Your task
Stop at the line containing "Dive into an": repeat exactly every line of the entries below from the first up to it, plus that line, with pictures omitted.

***** Given entries *****

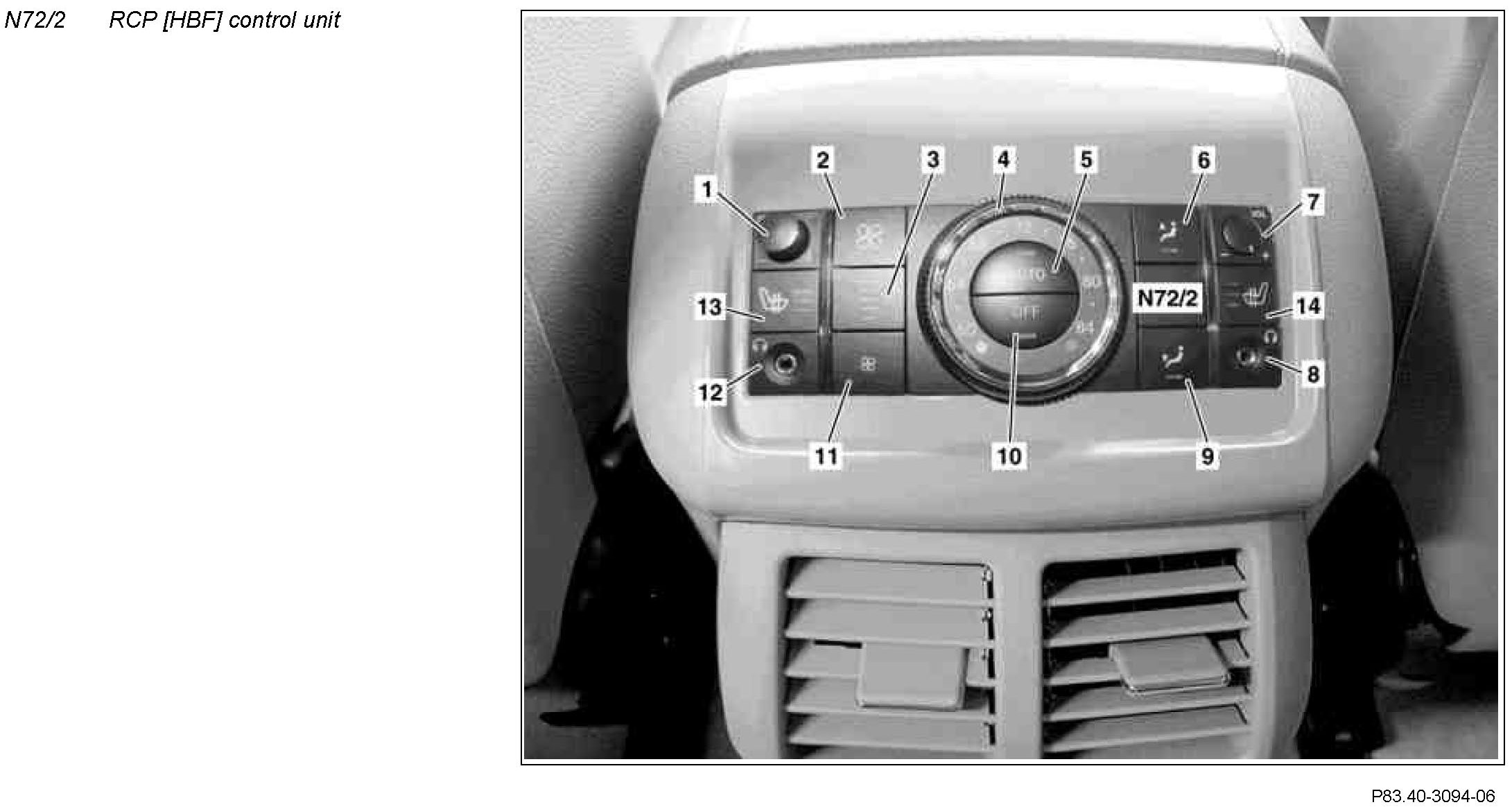 The HS [SIH], seat ventilation and steering wheel heater control unit (N25/7) is notified of the respective button signal via CAN-B by the RCP [HBF] control unit.
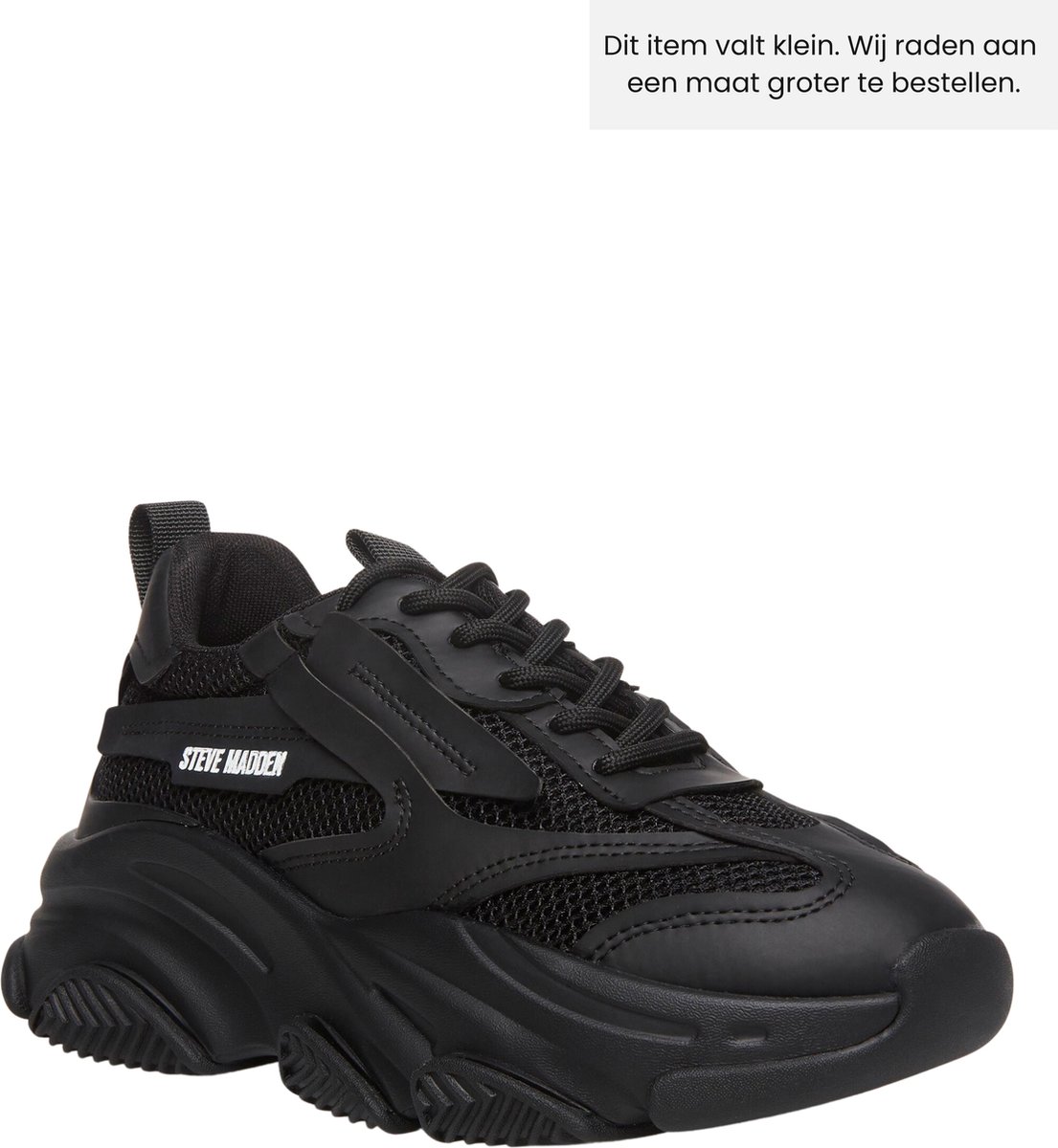 Creatief en speels: dat zijn de sneakers van de Amerikaanse ontwerper Steve Madden. Zo ook dit gave model POSSESSION! Dit model is uitgevoerd in zwart mesh met leatherlook overlays ook in de kleur zwart. Leuke details zijn de dubbele stiksels, de merkopdruk op de zijkant, de merkstud op de hiel, de veters en het merkembleem op de veters. Het binnenwerk is gemaakt van mesh en heeft een uitneembaar voetbed met fijne demping. De tong en enkelkraag zijn opgevuld voor extra comfort en op de tong en hiel vind je handige aantreklusjes. Door de beige hielstabilisator ervaar je extra steun bij de hiel en het grove profiel van de loopzool creëert veel grip bij iedere stap. De zool zorgt niet alleen voor comfort, maar ziet er ook superleuk uit door de inzetstukken, details en golvende vormen. Een sneaker om verliefd op te worden! Heb jij al een crush?
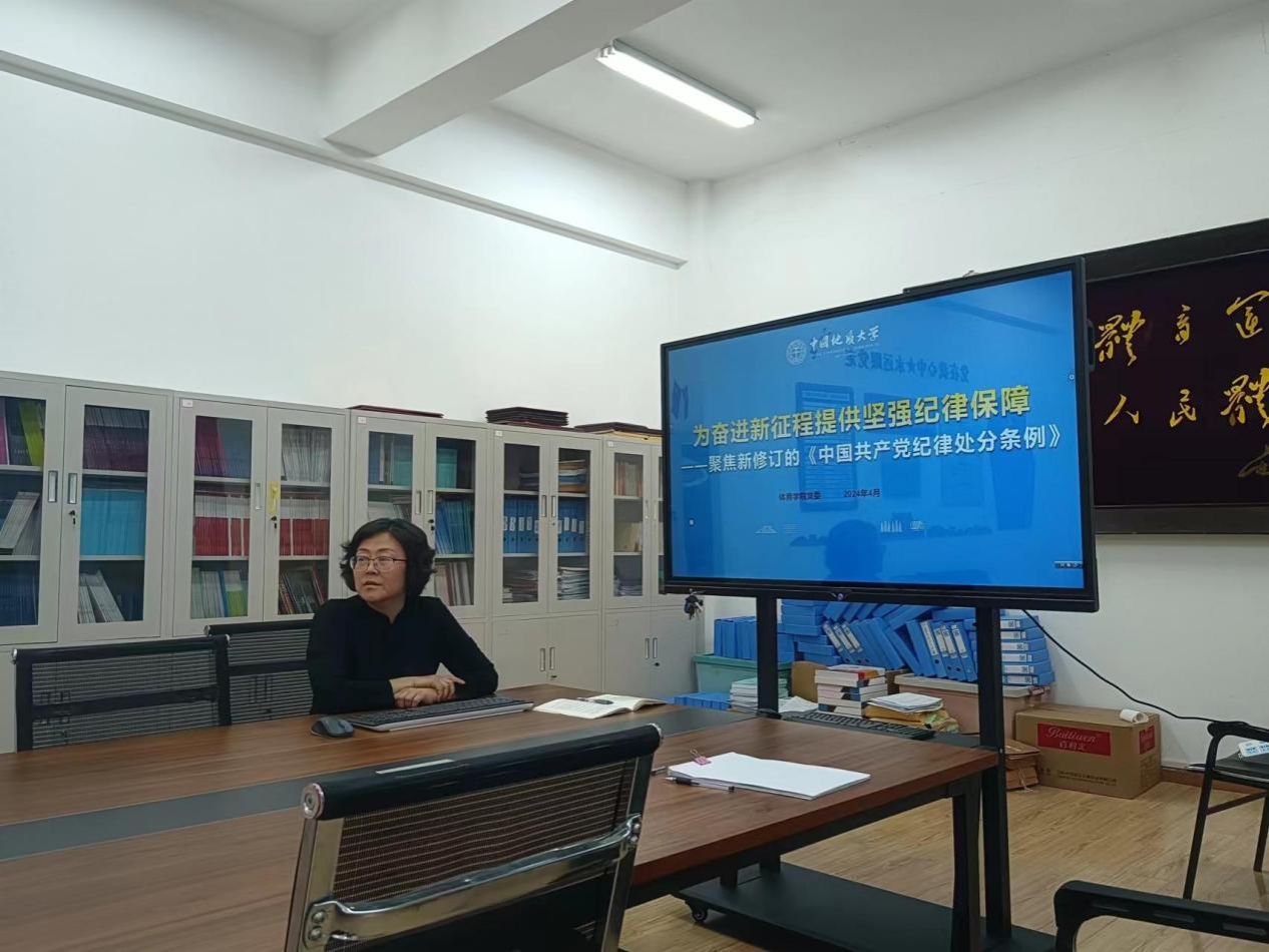 2024年4月25日下午万象城娱乐awc线路党委在西区体育馆党员之家举行学院党委理论学习中心组专题学习。庞岚书记主讲题为“为奋进新征程提供坚强纪律保障——聚焦新修订的《中国共产党纪律处分条例》”的党课,学院党委委员、班子成员、分工会主席等参加了此次学习活动。
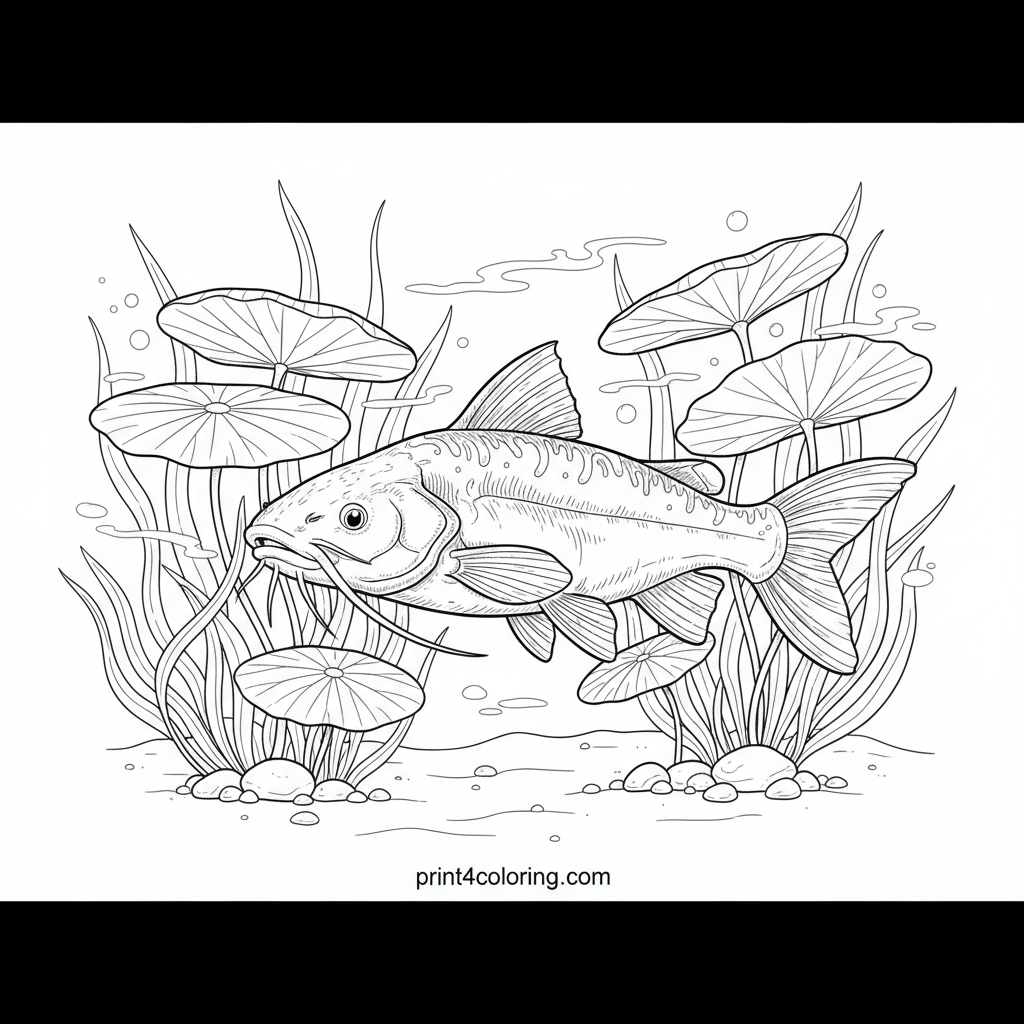 Dive into an expert coloring challenge! A magnificent catfish gracefully glides through a detailed underwater garden of eelgrass and water lilies. Its elegant fins are spread wide, showing its movement through gentle water currents. Use intricate colors and shading to bring this dynamic aquatic scene to vibrant life!
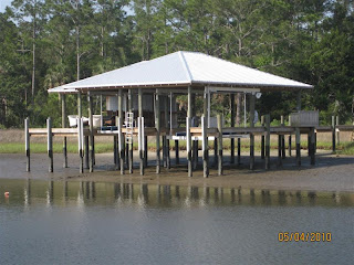 The farther north we have traveled, the greater the tidal change has been. It was about 5-6 feet in St. Augustine, and was 7-9 feet at FernandinaBeach. The docks lining this ten-mile, no wake canal near PalmValley were evidence of the huge shift between high and low tides. We were passing these docks at near low tide, and noticed that some folks had rather ingenious dock designs.

*****

Output below
 The HS [SIH], seat ventilation and steering wheel heater control unit (N25/7) is notified of the respective button signal via CAN-B by the RCP [HBF] control unit.
 Creatief en speels: dat zijn de sneakers van de Amerikaanse ontwerper Steve Madden. Zo ook dit gave model POSSESSION! Dit model is uitgevoerd in zwart mesh met leatherlook overlays ook in de kleur zwart. Leuke details zijn de dubbele stiksels, de merkopdruk op de zijkant, de merkstud op de hiel, de veters en het merkembleem op de veters. Het binnenwerk is gemaakt van mesh en heeft een uitneembaar voetbed met fijne demping. De tong en enkelkraag zijn opgevuld voor extra comfort en op de tong en hiel vind je handige aantreklusjes. Door de beige hielstabilisator ervaar je extra steun bij de hiel en het grove profiel van de loopzool creëert veel grip bij iedere stap. De zool zorgt niet alleen voor comfort, maar ziet er ook superleuk uit door de inzetstukken, details en golvende vormen. Een sneaker om verliefd op te worden! Heb jij al een crush?
 2024年4月25日下午万象城娱乐awc线路党委在西区体育馆党员之家举行学院党委理论学习中心组专题学习。庞岚书记主讲题为“为奋进新征程提供坚强纪律保障——聚焦新修订的《中国共产党纪律处分条例》”的党课,学院党委委员、班子成员、分工会主席等参加了此次学习活动。
 Dive into an expert coloring challenge! A magnificent catfish gracefully glides through a detailed underwater garden of eelgrass and water lilies. Its elegant fins are spread wide, showing its movement through gentle water currents. Use intricate colors and shading to bring this dynamic aquatic scene to vibrant life!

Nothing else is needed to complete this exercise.